The afternoon panels at CELS also featured wonderful work. First I heard Dena Gromet and John Darley’s paper Gut reactions to Criminal Wrongdoing: The Role of Political ideology. In the paper, Gromet and Darley examine whether people’s support for a retributive or restorative framework depends on reason considerations, or whether it is a gut reaction. To measure that, they conducted a survey in which they asked respondents’ opinions on victims and on offenders, assessing their support for each framework. They also inquired about their political opinion (on a conservative to liberal scale). To measure gut reactions, rather than calm reasoning, they asked respondents these questions under cognitive load (made them memorize an 8-digit number while they responded). They found that the satisfaction with restoration, whether on its own or as added to satisfaction with retributivism, goes up for liberals and down for conservatives with cognitive load. Their conclusion was, therefore, that liberals and conservatives have different intuitive reactions to serious crime: Liberals endorse restoration while conservatives favor retribution.

This paper was followed by Tyler G. Okimoto, Michael Wenzel and N.T. Feather’s paper Conceptualizing Retributive and Restorative Justice. Drawing on differences in conception of justice, Okimoto, Wenzel and Feather administered a survey in which they asked respondents a series of question to establish the extent to which they subscribed to two alternative views of justice: the need to empower the victim and degrade the offender, versus the need to heal relationships and reassert consensual social values. They generated a scale that allows measuring where respondents lie along a spectrum of retributive to restorative justice.

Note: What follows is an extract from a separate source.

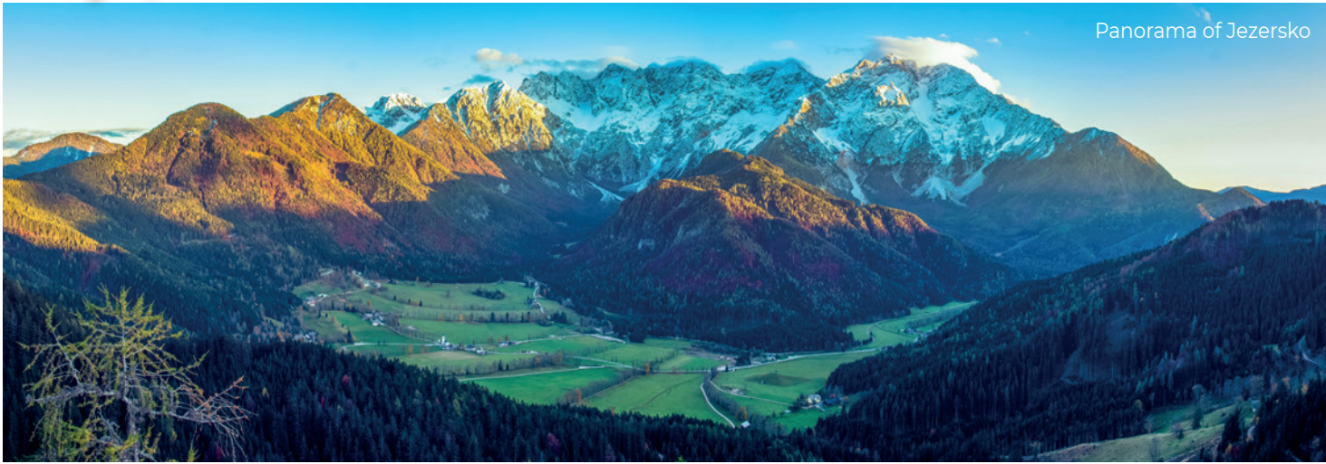
Panorama of Jezersko
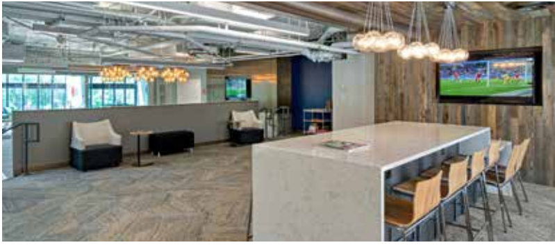
Collaborative work areas with abundant natural light

Re-Entry, Housing, and the Job Market

I am at the 5th Conference on Empirical Legal Studies at Yale University, and have heard two interesting presentations on re-entry.

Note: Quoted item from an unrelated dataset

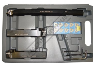
L453 Lathe Turning Tool Kit - 3 piece Insert Type
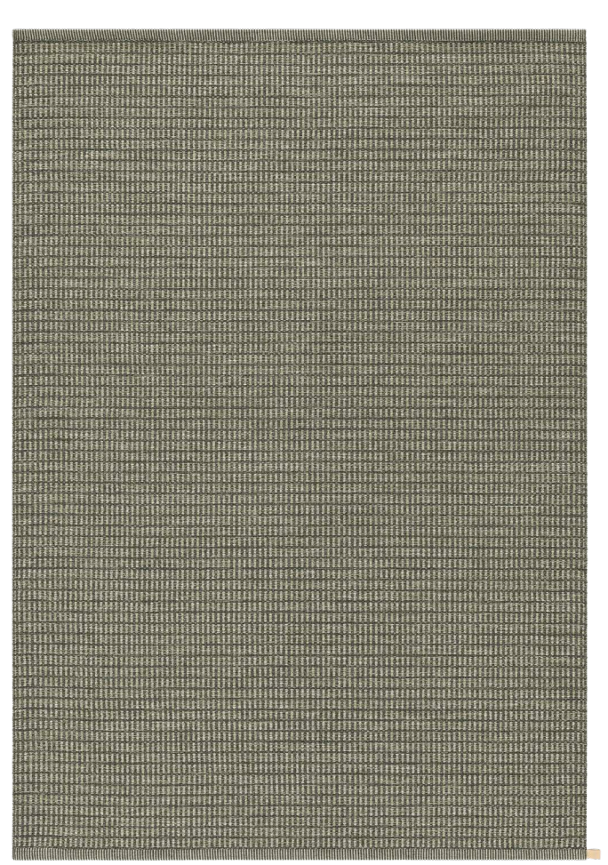
Rug 170x240 cm, Willow Green 585

Amanda Geller and Marah Curtis’ paper A Sort of Homecoming: Incarceration and the Housing Security of Urban Men compares the housing status of previously incarcerated and non-incarcerated fathers in fragile, poor families. Using a database formed for studying fragile families, Geller and Curtis compare how fathers fare during their child’s infancy in terms of housing. As measures of housing, they use not only eviction, but also other measures mortgage default and living with others. They find that formerly incarcerated fathers have more trouble finding a stable housing situation, and while some of this difficulty is attributed to lack of income, it does not explain away all the difficulty.

Charles Loeffler’s paper The Effects of Imprisonment on Labor Market Participation: Evidence from a Natural Experiment compares the job status of convicted people who were sentenced by high-incarceration and low-incarceration judges. Suprisingly, Loeffler finds that the former tend to fare better in the job market–but only temporarily. This finding might be explained in three main ways: Parole agents do a better job than, say, probation officers in finding jobs for formerly incarcerated people (but not good enough to provide enduring employment); incarceration breaks inmates’ ties to their former environment and therefore requires them to shift to the “covered” economy; or, inmates simply age out of crime while in prison.